Records excerpted from a collection:
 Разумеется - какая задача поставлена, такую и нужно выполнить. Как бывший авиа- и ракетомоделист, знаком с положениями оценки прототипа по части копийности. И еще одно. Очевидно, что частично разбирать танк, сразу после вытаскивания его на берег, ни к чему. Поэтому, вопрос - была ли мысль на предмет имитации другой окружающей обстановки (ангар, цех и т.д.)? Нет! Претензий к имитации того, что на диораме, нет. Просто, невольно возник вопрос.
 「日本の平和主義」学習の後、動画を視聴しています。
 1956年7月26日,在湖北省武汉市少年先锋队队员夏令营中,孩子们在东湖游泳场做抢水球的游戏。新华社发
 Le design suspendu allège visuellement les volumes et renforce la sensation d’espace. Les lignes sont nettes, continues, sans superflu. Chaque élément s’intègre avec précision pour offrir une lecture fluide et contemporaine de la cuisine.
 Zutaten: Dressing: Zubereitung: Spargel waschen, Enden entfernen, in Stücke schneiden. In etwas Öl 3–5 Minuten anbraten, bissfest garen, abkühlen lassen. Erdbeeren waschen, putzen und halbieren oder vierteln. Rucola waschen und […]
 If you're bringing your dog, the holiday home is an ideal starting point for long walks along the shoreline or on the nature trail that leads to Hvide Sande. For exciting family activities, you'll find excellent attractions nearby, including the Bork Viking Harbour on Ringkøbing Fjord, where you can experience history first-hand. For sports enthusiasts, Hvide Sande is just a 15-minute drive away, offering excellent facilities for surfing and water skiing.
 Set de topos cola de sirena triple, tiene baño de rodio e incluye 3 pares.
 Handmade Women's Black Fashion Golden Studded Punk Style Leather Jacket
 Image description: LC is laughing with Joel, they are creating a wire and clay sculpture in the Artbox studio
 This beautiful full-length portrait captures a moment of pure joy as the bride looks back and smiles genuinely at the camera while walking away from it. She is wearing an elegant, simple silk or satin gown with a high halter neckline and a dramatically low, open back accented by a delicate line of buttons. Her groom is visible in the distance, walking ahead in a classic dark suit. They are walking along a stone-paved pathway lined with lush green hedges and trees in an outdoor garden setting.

◆ The task: Say only the number of lines of the data above in which the string "along" occurs.

◆ Completed exercise: 2